Louise ferme les yeux.
Un timide rayon de soleil tente de réanimer l’été en pâmoison. Alors, debout face à sa fenêtre, Louise ferme les yeux, mais l’éclaircie a raison de l’obscurité sous ses paupières, Louise a fermé les yeux et pourtant il subsiste encore tant de lumière dans ce noir qu’elle s’était préfiguré.
Ce matin de septembre qui discrètement s’est faufilé dans les tous derniers soubresauts d’août, impose son empreinte fauve alentours. Louise ne parvient pas à se souvenir quand cette imperceptible modification a pointé le bout de son nez. Ce petit rien qui change tout s’est simplement glissé dans une journée trop timide pour le repousser. Depuis, Louise constate que, mine de rien, l’armoire s’ouvre plus volontiers du côté des petites laines, les robes estivales s’assoupissent bien suspendues à leurs cintres de velours, Louise tient à ce qu’elles hibernent confortablement parfumées de naphtaline et d’encore quelques senteurs d’eaux citronnées rescapées des chaleurs estivales.
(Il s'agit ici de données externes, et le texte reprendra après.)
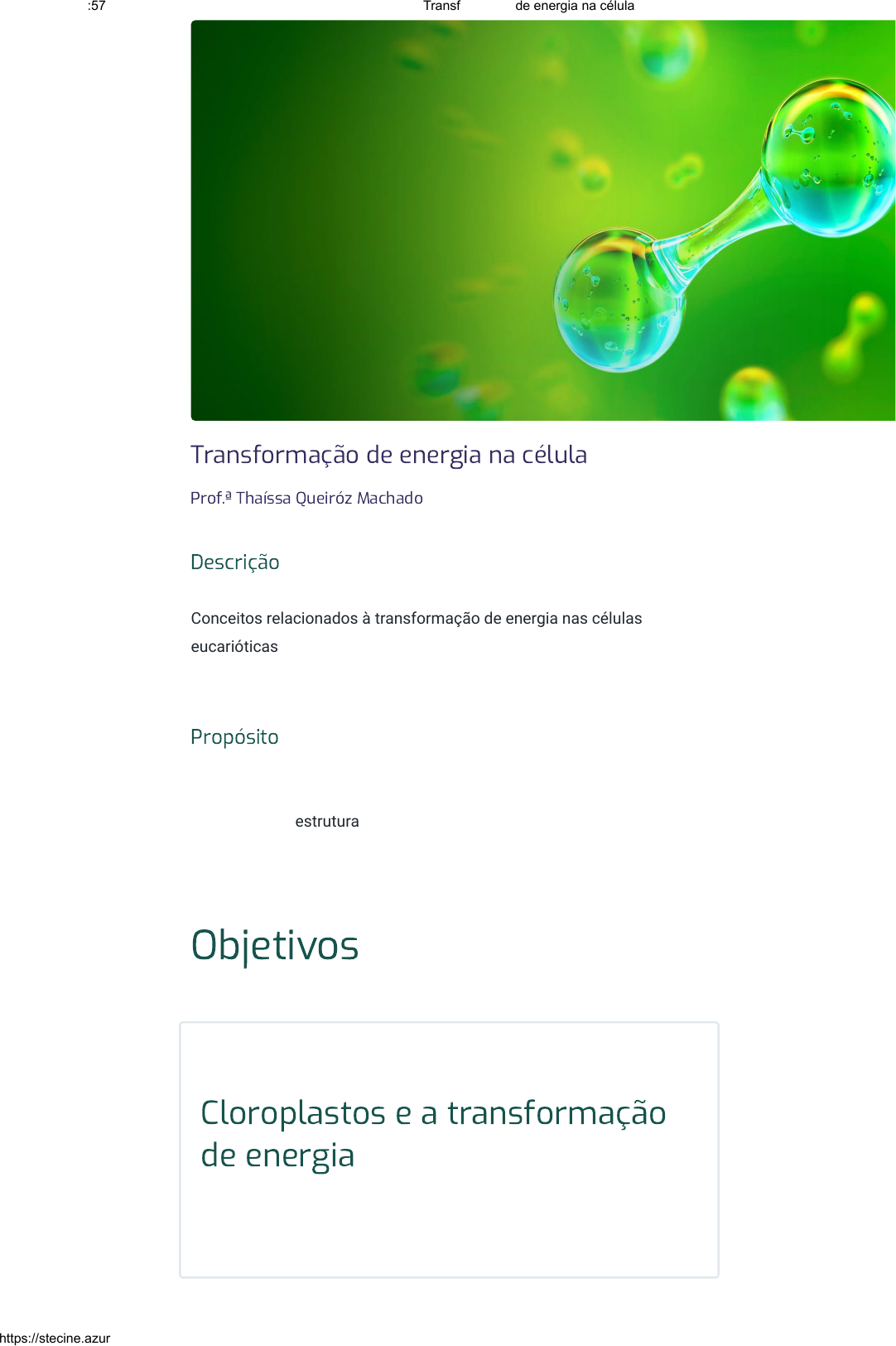 <p>Transformação de energia na célula</p><p>Prof.ª Thaíssa Queiróz Machado</p><p>Descrição</p><p>Conceitos relacionados à transformação de energia nas células</p><p>eucarióticas e entendimento das características e funções de organelas</p><p>atuantes no processo de obtenção de energia.</p><p>Propósito</p><p>Compreender de que forma as células obtêm energia e como as</p><p>organelas são estruturadas e funcionam é essencial para o estudo da</p><p>biologia celular, que é a base das ciências da vida.</p><p>Objetivos</p><p>Módulo 1</p><p>Cloroplastos e a transformação</p><p>de energia</p><p>Identificar as características e as funções dos cloroplastos.</p><p>03/06/2024, 18:57 Transformação de energia na célula</p><p>https://stecine.azureedge.net/repositorio/00212sa/03024/index.html?brand=estacio# 1/55</p><p>Módulo 2</p><p>Mitocôndrias e a transformação</p><p>de energia</p><p>Descrever as características e as funções das mitocôndrias.</p><p>Módulo 3</p><p>Peroxissomos e o metabolismo</p><p>celular</p><p>Reconhecer o papel dos peroxissomos no metabolismo celular.</p><p>Introdução</p><p>As células são a unidade básica de todos os organismos. Para</p><p>que a célula sobreviva e realize suas atividades, é necessário que</p><p>alguns processos sejam executados, entre eles a obtenção e a</p><p>transformação de energia. Uma célula sem energia é uma célula</p><p>morta.</p><p>Existem diferentes formas de obter e transformar energia, a</p><p>depender do tipo celular. As células vegetais (das plantas e algas,</p><p>por exemplo) obtêm energia pelo processo da fotossíntese. Só</p><p>realizam fotossíntese as células que possuem uma organela</p><p>chamada cloroplasto. O cloroplasto apresenta uma estrutura</p><p>especializada que transforma energia luminosa (do sol) em</p><p>energia química para a célula.</p><p>Já as células animais também possuem seu mecanismo de</p><p>transformação de energia, mas não por meio de fotossíntese. A</p><p></p><p>03/06/2024, 18:57 Transformação de energia na célula</p><p>https://stecine.azureedge.net/repositorio/00212sa/03024/index.html?brand=estacio# 2/55</p><p>mitocôndria é a organela capaz de realizar vários processos vitais</p><p>para as células. No que diz respeito à energia, as mitocôndrias</p><p>realizam a respiração celular, um mecanismo com várias etapas</p><p>que apresenta uma sequência de eventos impressionantes e</p><p>coordenados.</p><p>Neste conteúdo, vamos conhecer as características dos</p><p>cloroplastos e mitocôndrias, responsáveis pela obtenção e</p><p>transformação de energia na célula, e entender como tais</p><p>processos são executados. Além disso, conheceremos outra</p><p>organela que participa do metabolismo celular, o peroxissomo e</p><p>suas funções.</p><p>1 - Cloroplastos e a transformação de energia</p><p>Ao �nal deste módulo, você será capaz de identi�car as</p><p>características e as funções dos cloroplastos.</p><p>Os cloroplastos</p><p>Para que as células se mantenham vivas, elas precisam constantemente</p><p>de ATP (adenosina trifosfato), que é responsável pelo fornecimento de</p><p>energia. Grande quantidade de energia é produzida por dois tipos de</p><p>organelas: as mitocôndrias, presentes em quase todas as células</p><p>03/06/2024, 18:57 Transformação de energia na célula</p><p>https://stecine.azureedge.net/repositorio/00212sa/03024/index.html?brand=estacio# 3/55</p><p>animais e vegetais, e os cloroplastos, encontrados somente em células</p><p>vegetais, das plantas e algas.</p><p>Organelas</p><p>São estruturas localizadas no citoplasma celular e que desempenham</p><p>funções importantes para garantir o funcionamento adequado da célula.</p><p>Representação em 3D do cloroplasto.</p><p>Os cloroplastos estão localizados principalmente nas células das folhas</p><p>de plantas. São um tipo de plastídio ou plasto, que possuem DNA</p><p>próprio e têm capacidade de autoduplicação. As células vegetais</p><p>apresentam características marcantes que as distinguem das células</p><p>animais: a presença de vacúolos, parede celular e cloroplasto.</p><p>O cloroplasto possui pigmento verde em abundância, que é a clorofila -</p><p>responsável pela cor verde das plantas e algas verdes e está</p><p>diretamente relacionada com o processo de fotossíntese, no qual a</p><p>energia solar é aproveitada para produzir ATP.</p><p>Além da clorofila, os cloroplastos também apresentam pigmentos</p><p>amarelos e laranjas, os carotenoides, mas estes são comumente</p><p>mascarados nas folhas pela coloração verde predominante da clorofila.</p><p>A ultraestrutura dos cloroplastos é considerada complexa. Apresenta</p><p>geralmente um formato de disco e possui duas membranas de</p><p>revestimento e um espaço intermembranar entre elas. Dentro dos</p><p>cloroplastos há um fluido chamado estroma, onde estão dispersos</p><p>vários componentes, como DNA e ribossomos. Além de abrigar</p><p>estruturas, o estroma executa diferentes vias metabólicas</p><p>indispensáveis para a célula.</p><p>03/06/2024, 18:57 Transformação de energia na célula</p><p>https://stecine.azureedge.net/repositorio/00212sa/03024/index.html?brand=estacio# 4/55</p><p>Ultraestrutura do cloroplasto.</p><p>Mergulhado no estroma, encontram-se os tilacoides, que são um</p><p>sistema de membranas que formam estruturas similares a sacos</p><p>achatados. Na membrana do tilacoide, estão as clorofilas, os</p><p>carotenoides e os complexos proteicos que atuam na cadeia</p><p>transportadora de elétrons para produção de ATP. O interior dos</p><p>tilacoides é chamado de lúmen do tilacoide. Os tilacoides se organizam</p><p>no interior do cloroplasto formando colunas semelhantes a pilhas de</p><p>moedas, chamadas de grânulo ou granum.</p><p>As membranas que compõem os cloroplastos são: membrana externa,</p><p>membrana interna e membranas dos tilacoides. Essas membran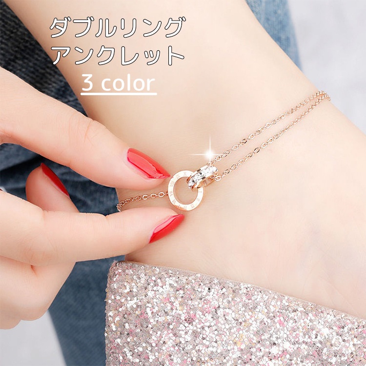 ダブルリング アンクレット ブレスレット サージカルステンレス ゴールド シルバー レディース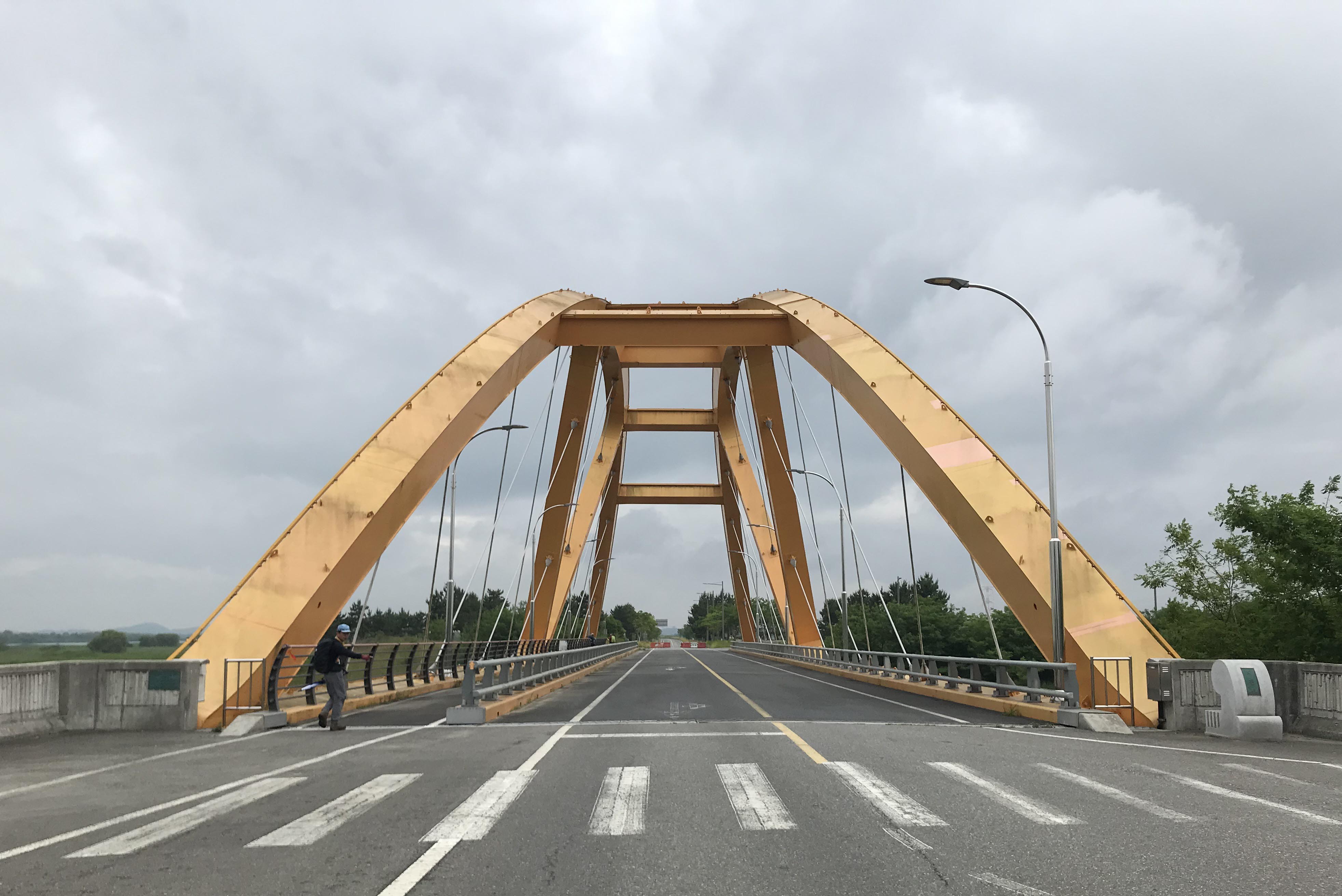 다리를 건너기 위해 산책로에서 도로로 올라오면서 군산시 대야면(大野面) 지경리(地境里)에서 회현면(澮縣面) 증석리(曾石里)로 바뀐다. 증석 교차로에 이어 증석교를 지나는데, 하늘에는 금방 소나기라도 퍼부을 듯 먹구름이 몰려온다. 일기예보로는 비가 내린다하여 준비는 하고 있지만, 지금까지 비가 내리지 않은 것처럼 계속 되기를 바란다. 오히려 비는 오지 않고 바람마저 불어주니 더위를 모르게 시원하게 걷는다. 코스 위 도로로 걷던 몽중루님께서 산책로를 걷고 있는 우리부부에게 멋진 사진을 찍어주신다. 감사합니다.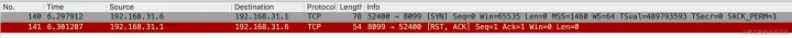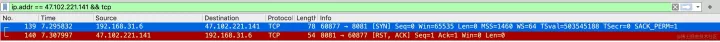 进行连接连接,发现与前面两种情况是一致的,目的机器在收到我的请求后,立马就通过 RST标志位 断开了这次的连接。

Louise ferme les yeux. Comme souvent sa matinée s’éveille dans la douceur d’une partition de Chopin, de Fauré, ou de Mozart, ces magiciens capables de la convaincre de la beauté d’une aube claire quand pourtant elle a le cœur lourd. Louise se laisse bercer le temps d’absorber tout ce bonheur que lui promet une cascade de notes douces et rassurantes.
Encore un instant, encore une seconde avant de se résoudre à ouvrir les yeux… Retarder davantage le moment redouté de revenir à d’autres réalités, la musique ne sera plus la même inondée de lumière. Louise tient encore ses yeux fermés, ce fragile moment de grâce à l’abri du cambriolage des matinées qui s’éteignent sous les assauts des heures qui passent. Louise aimerait rester les yeux fermés, à composer elle aussi aujourd’hui comme une mélodie, Louise voudrait faire danser les nuages, les emporter loin d’un automne annoncé, laisser entrer ce petit peu d’été qui doit bien rester blotti quelque part, Louise ne s’avoue pas vaincue. De toute évidence la saison naissante aura raison de ses espoirs les plus fous, mais ses paupières closes lui conservent son rêve pour un tout petit moment de plus.